## [WORK INSTRUCTIONS]
Transcribe exactly, and only, the lines running from the one with "поддона | 170 мм |" to the end of the entries below, both included, without any pictures.

----------------------------------------

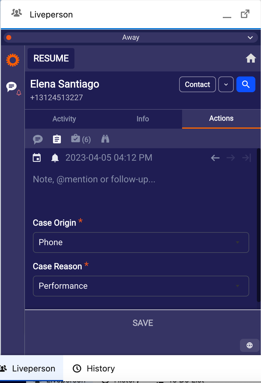 - Consumer Info Tab: This tab automatically displays important information about the consumer who is messaging you. This will be a customized view of contact/account/lead fields from Salesforce and will include information from LivePerson such as the source channel of the conversation or any custom variables collected by your contact center.
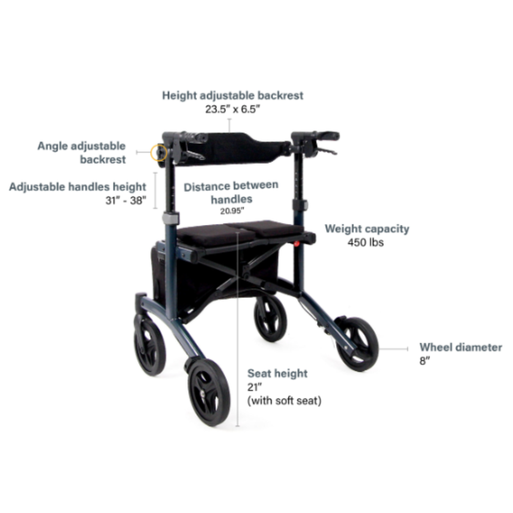 | Triumph Escape HD Rollator | 450 lbs | 20.28 lbs | 20.67″ W | 21″ | 31″ – 37.9″ | 8″ | Aluminum | Heavy-duty yet lightweight walker with chair for daily mobility. |
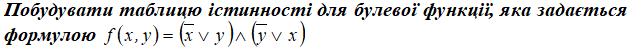 Побудувати таблицю істинності для булевої функції, яка задається формулою
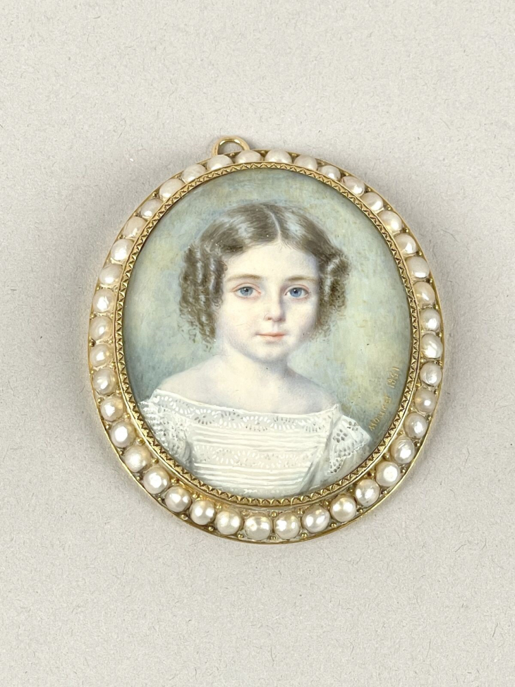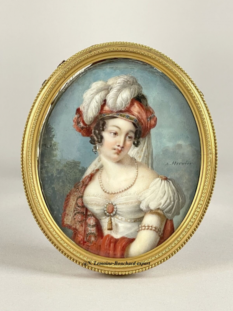 Miniatures n° 49 à 89, notamment n° 73 par Louis-Léopold BOILLY, José OTHON, N° 85 Claude BELIN Jeune fille 1794, est. 600-800 € (repr. ci-dessus), N° 79 John Jules NIMMO, Madame DELAISTRE, n° 69 par DAGOTY, Attr à BOURGEOIS, par A. HERVIER, rare miniature en grisaille du CHEVALIER DE VAULT (actif en 1738);Catherine Mathilde VILLOUTREIX; Achille MOURET; collection de boîtes à miniatures, etc.
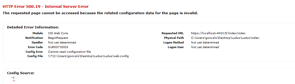 Eu criei um aplicativo Web ASP:NET (.NET Framework) que está a funcionar corretamente, mas quando eu tento executar o meu site em outro pc, dá-me o seguinte erro: HTTP Error 500.19 - Internal Server Error
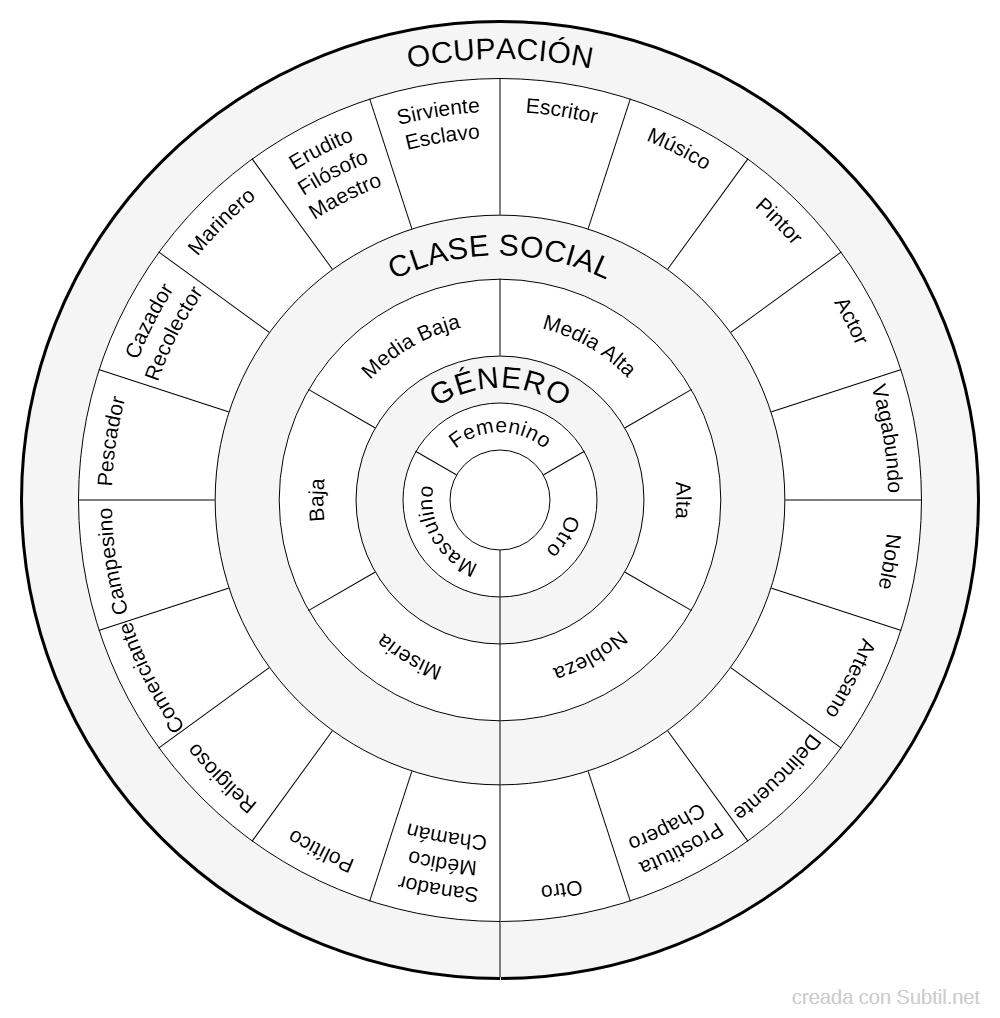 El Gráfico está dividido en grandes categorías que representan los posibles sistemas y épocas donde la creencia fué aprendida o adoptada
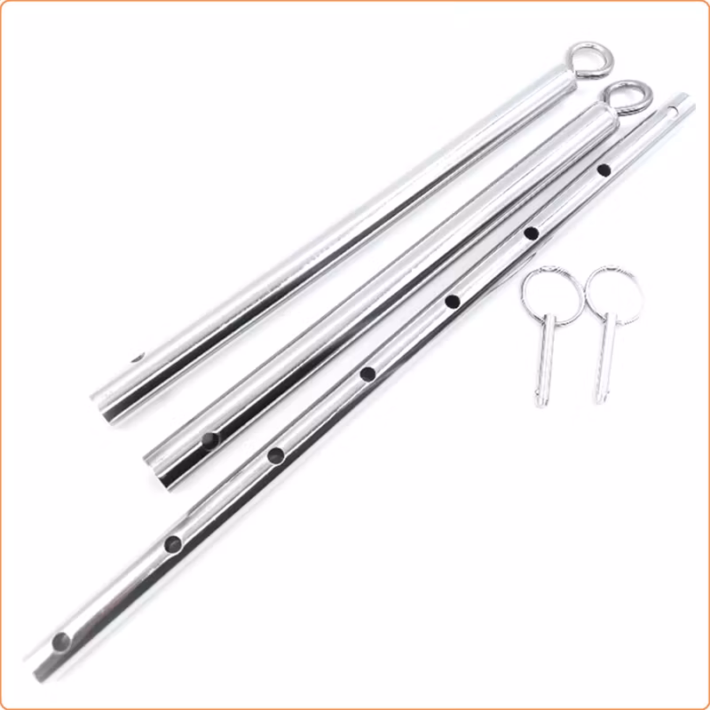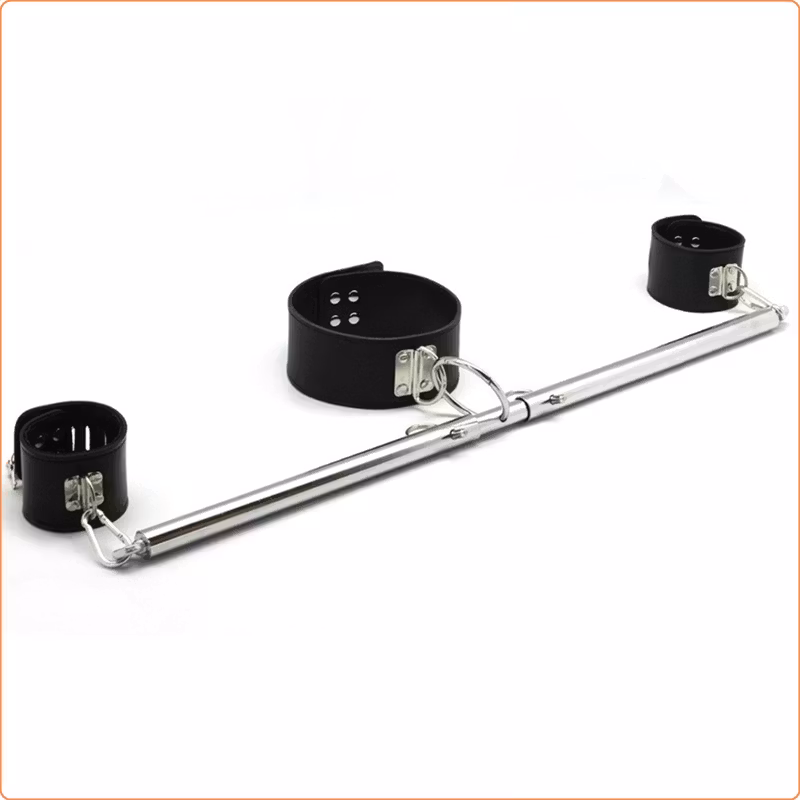 Keep your submissive restrained and spread as far as you like. This adjustable steel spreader bar restraint accessory has eyebolts securely attached to each end. Attach wrist or ankle cuffs to this metal bondage spreader bar and keep your slave spread.
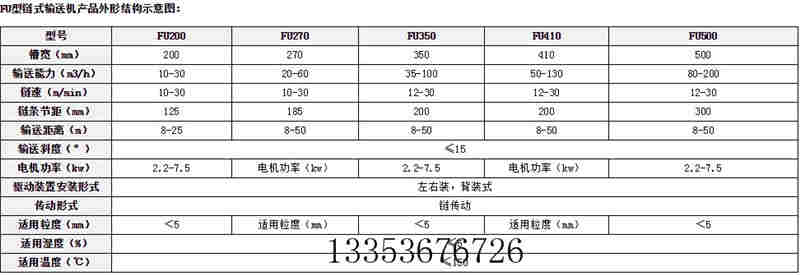6、系列齊全,有FU150、FU200、FU270、FU350、FU410、FU500(數(shù)字表示運送槽內(nèi)寬)。
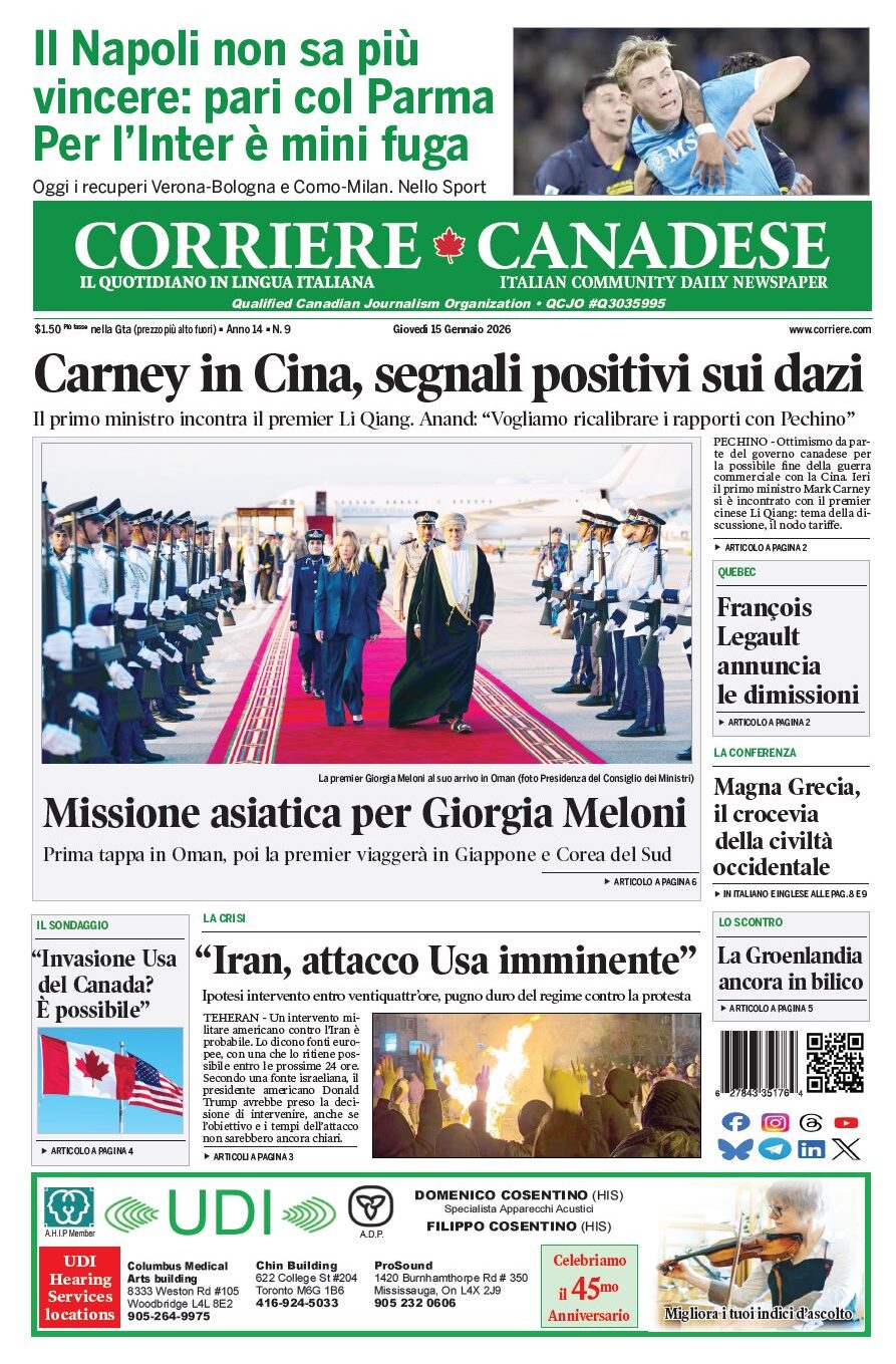 In edicola La nostra “vetrina” corriere canadese January 15, 2026 Clicca sull’immagine per ingrandirla More Articles by the Same Author: La “mozzarella in carrozza napoletana”I ‘paccherini al melograno’ con gli scampi, i pomodorini e l’olio al basilicoLa nostra “vetrina”Celebrando Leonardo Sciascia: una “Passeggiata” per portare la cultura siciliana in CanadaHappy birthday, Sciascia!Share This Post - Condividi
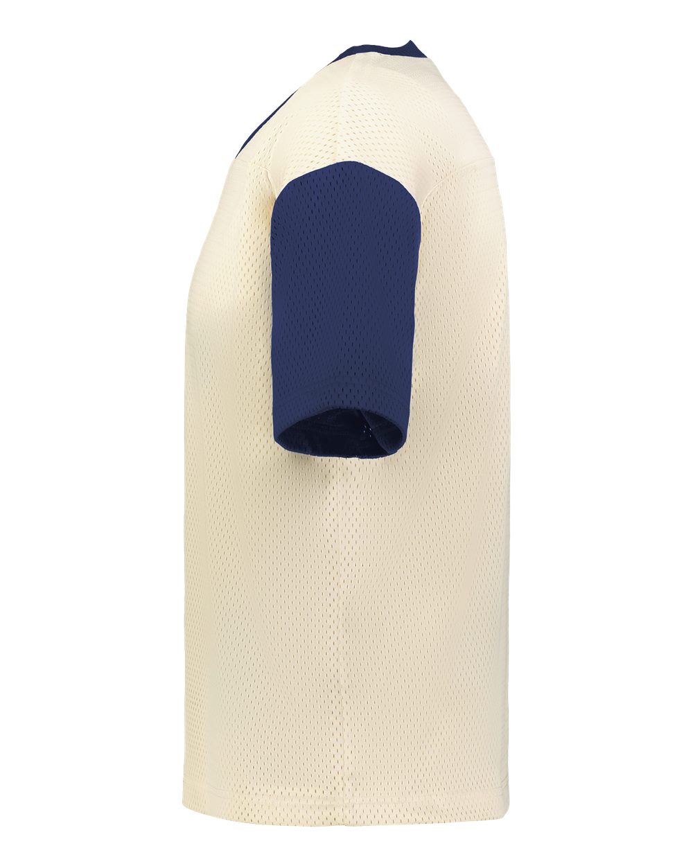 6 oz./yd_, two layers of 100% polyester sport mesh Oversized, boxy fit Self-collar Set-in sleeves Hanger loop label
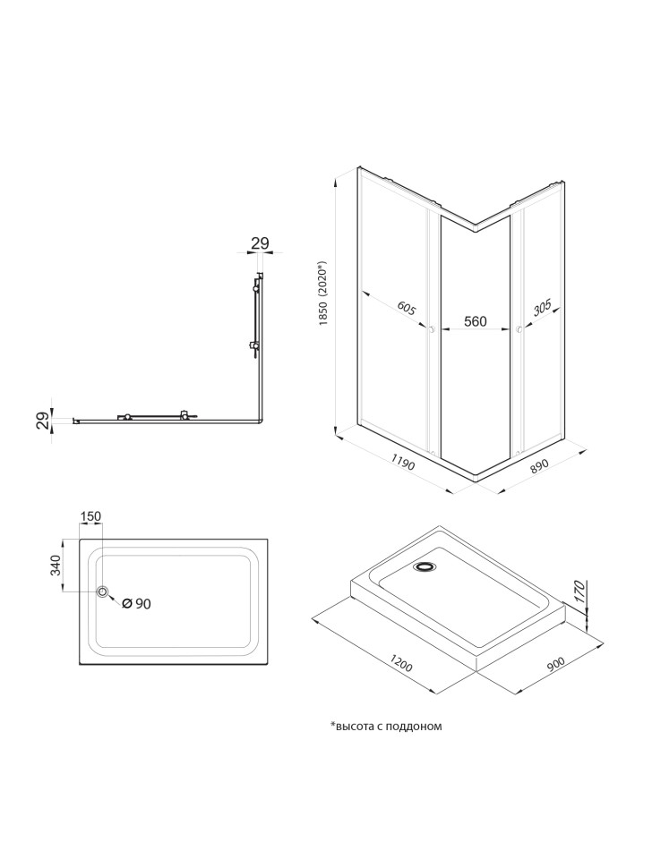 | Высота поддона | 170 мм |
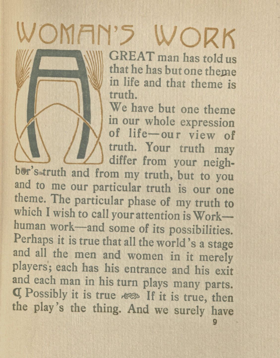 Hubbard, A., Woman’s work: Being an Inquiry and an Assumption, HQ1221 .H87 1908 GENERAL
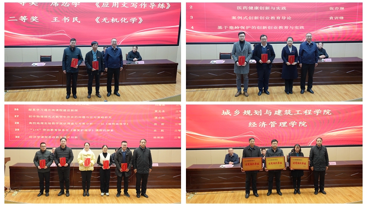 大会表彰了我校2023年教育教学研讨会优秀论文、优秀组织单位、陕西省高等教育优秀教材奖、陕西高校创新创业课程、第二批陕西省课程思政示范课程、陕西本科教育教学改革研究项目、第五届陕西本科高校教师教学创新大赛、陕西高校思政课程课程思政“大练兵”省级展示活动获奖教师。
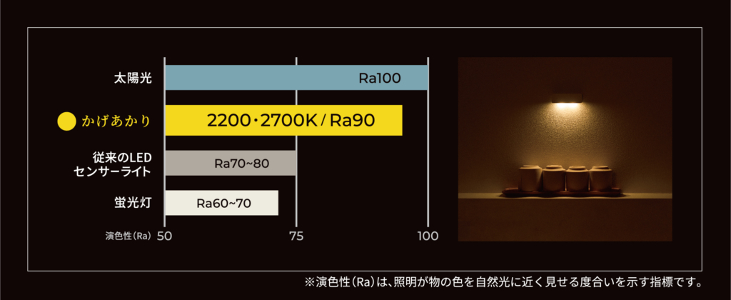 照明設計士の監修により、配光・色温度・演色性をつきつめ、従来のセンサーライトにはない、陰影を活かす美しい「あかり」を実現しました。

----------------------------------------

## [WRITTEN REPLY]
 | Высота поддона | 170 мм |
 Hubbard, A., Woman’s work: Being an Inquiry and an Assumption, HQ1221 .H87 1908 GENERAL
 大会表彰了我校2023年教育教学研讨会优秀论文、优秀组织单位、陕西省高等教育优秀教材奖、陕西高校创新创业课程、第二批陕西省课程思政示范课程、陕西本科教育教学改革研究项目、第五届陕西本科高校教师教学创新大赛、陕西高校思政课程课程思政“大练兵”省级展示活动获奖教师。
 照明設計士の監修により、配光・色温度・演色性をつきつめ、従来のセンサーライトにはない、陰影を活かす美しい「あかり」を実現しました。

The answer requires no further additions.